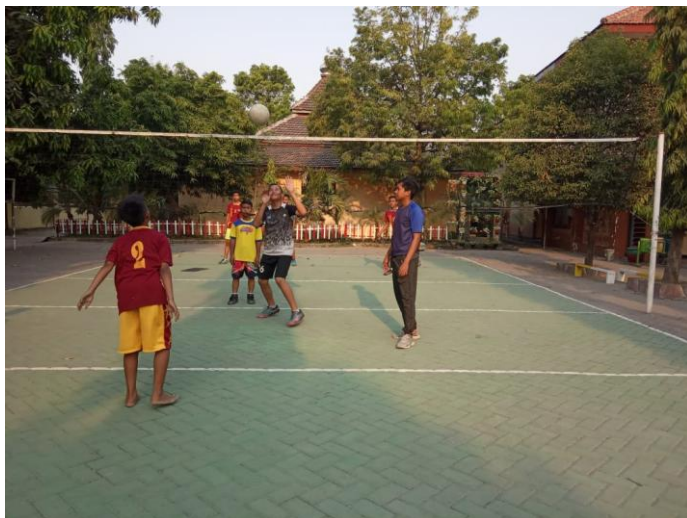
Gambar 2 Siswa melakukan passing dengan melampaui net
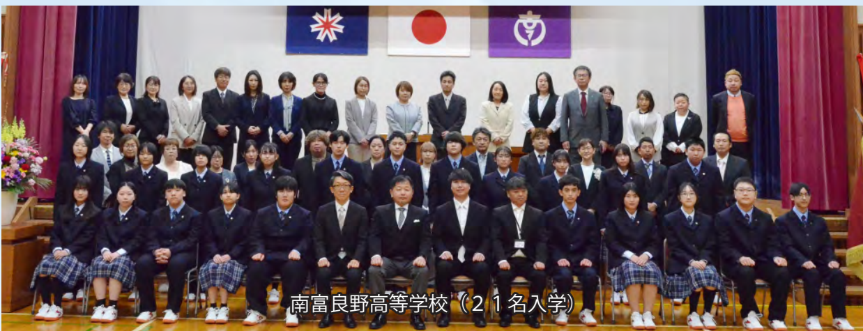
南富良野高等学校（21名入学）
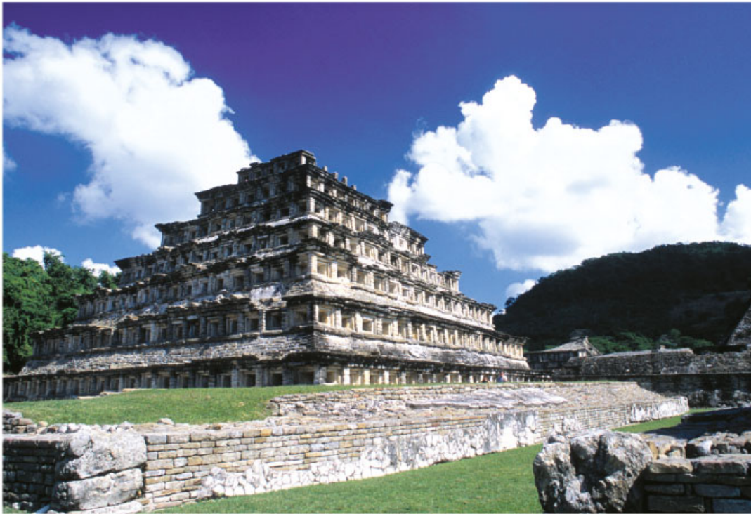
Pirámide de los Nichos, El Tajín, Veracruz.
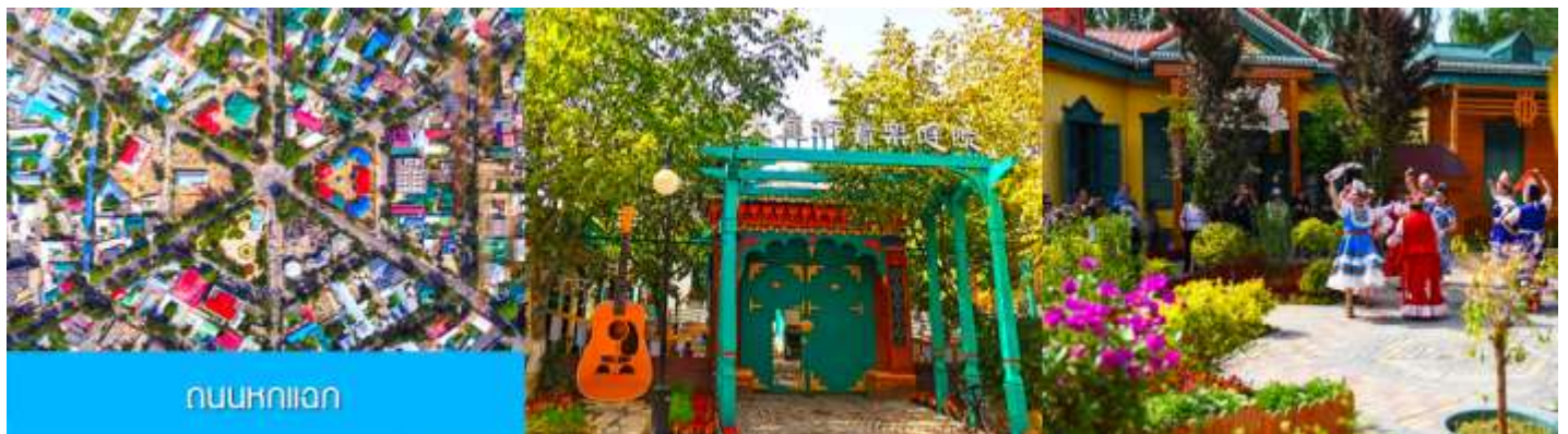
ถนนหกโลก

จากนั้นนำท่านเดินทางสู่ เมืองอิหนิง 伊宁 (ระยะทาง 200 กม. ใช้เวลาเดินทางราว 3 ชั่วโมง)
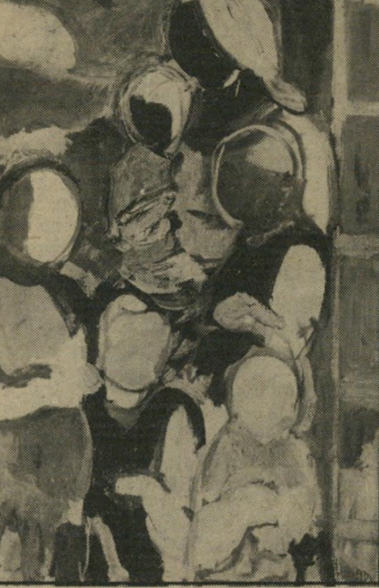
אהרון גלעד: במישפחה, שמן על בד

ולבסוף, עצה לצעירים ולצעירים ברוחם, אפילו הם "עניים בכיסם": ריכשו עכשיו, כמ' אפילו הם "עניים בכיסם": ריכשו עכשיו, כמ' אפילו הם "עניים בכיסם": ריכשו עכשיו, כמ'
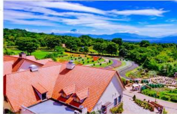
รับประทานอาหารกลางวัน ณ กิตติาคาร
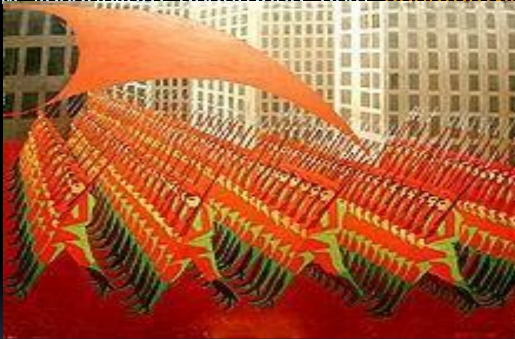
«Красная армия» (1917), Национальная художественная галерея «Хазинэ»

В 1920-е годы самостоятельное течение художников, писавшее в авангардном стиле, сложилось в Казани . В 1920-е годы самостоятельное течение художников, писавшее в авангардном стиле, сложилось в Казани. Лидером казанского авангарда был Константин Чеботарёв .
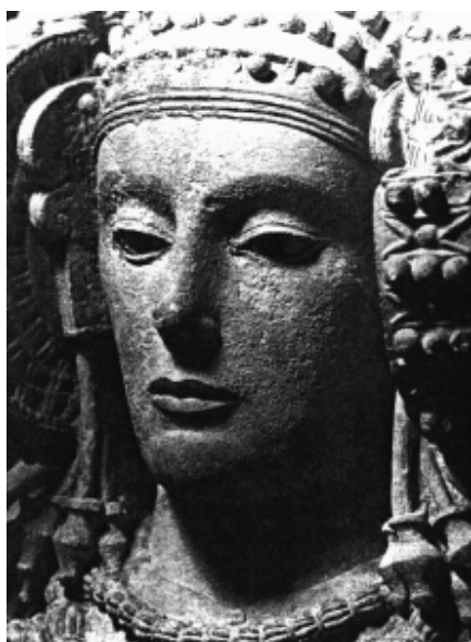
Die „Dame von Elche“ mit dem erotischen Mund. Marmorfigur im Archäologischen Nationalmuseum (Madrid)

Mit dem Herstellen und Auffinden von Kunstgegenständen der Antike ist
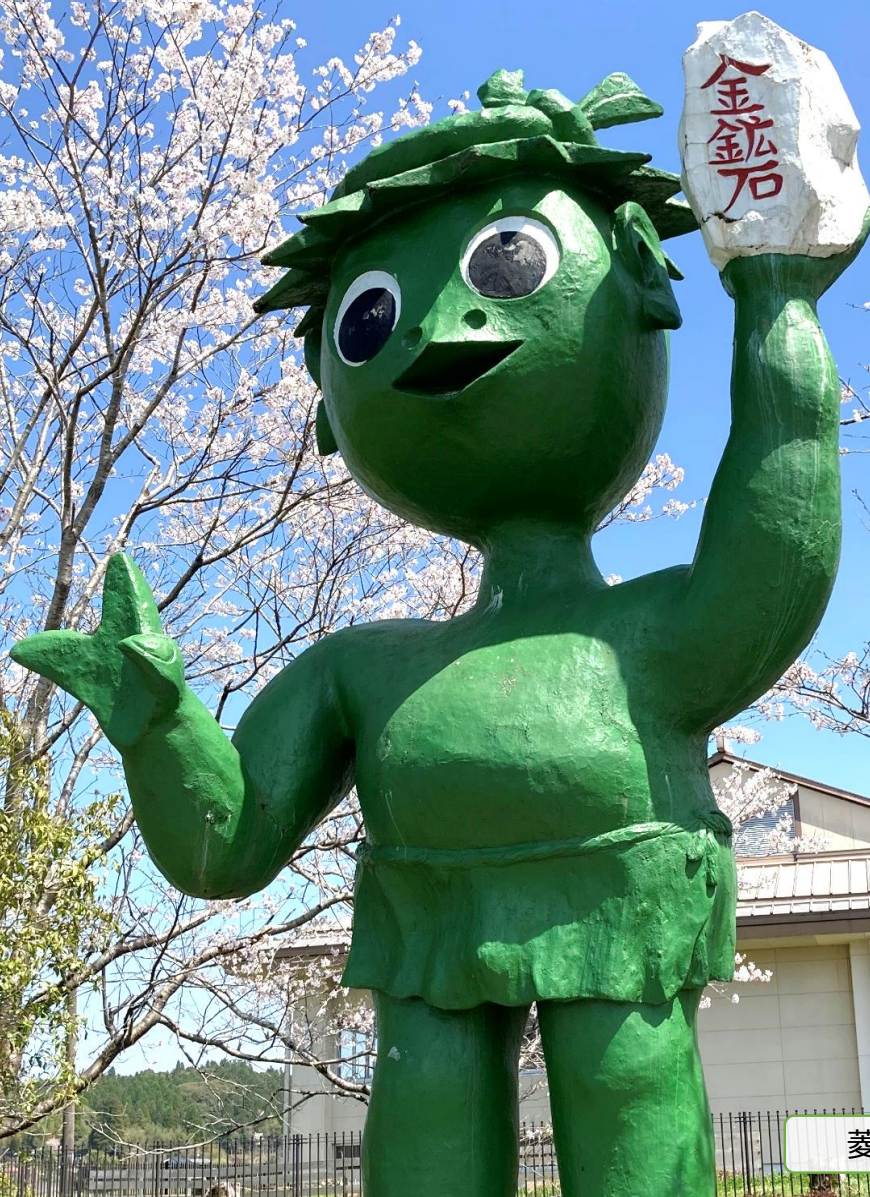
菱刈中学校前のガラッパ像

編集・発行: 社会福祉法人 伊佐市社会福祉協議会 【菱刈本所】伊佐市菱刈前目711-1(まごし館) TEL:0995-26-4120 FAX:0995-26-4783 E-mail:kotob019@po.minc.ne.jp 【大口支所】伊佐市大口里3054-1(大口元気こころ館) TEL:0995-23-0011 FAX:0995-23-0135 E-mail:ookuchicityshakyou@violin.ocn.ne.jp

=-=-=

Task directions: Take the line with "(1917), Национальная художественная" and each line after it through the end of the material above, and reproduce them exactly, both ends included, without pictures.

Answer box:
«Красная армия» (1917), Национальная художественная галерея «Хазинэ»

В 1920-е годы самостоятельное течение художников, писавшее в авангардном стиле, сложилось в Казани . В 1920-е годы самостоятельное течение художников, писавшее в авангардном стиле, сложилось в Казани. Лидером казанского авангарда был Константин Чеботарёв .
Die „Dame von Elche“ mit dem erotischen Mund. Marmorfigur im Archäologischen Nationalmuseum (Madrid)

Mit dem Herstellen und Auffinden von Kunstgegenständen der Antike ist
菱刈中学校前のガラッパ像

編集・発行: 社会福祉法人 伊佐市社会福祉協議会 【菱刈本所】伊佐市菱刈前目711-1(まごし館) TEL:0995-26-4120 FAX:0995-26-4783 E-mail:kotob019@po.minc.ne.jp 【大口支所】伊佐市大口里3054-1(大口元気こころ館) TEL:0995-23-0011 FAX:0995-23-0135 E-mail:ookuchicityshakyou@violin.ocn.ne.jp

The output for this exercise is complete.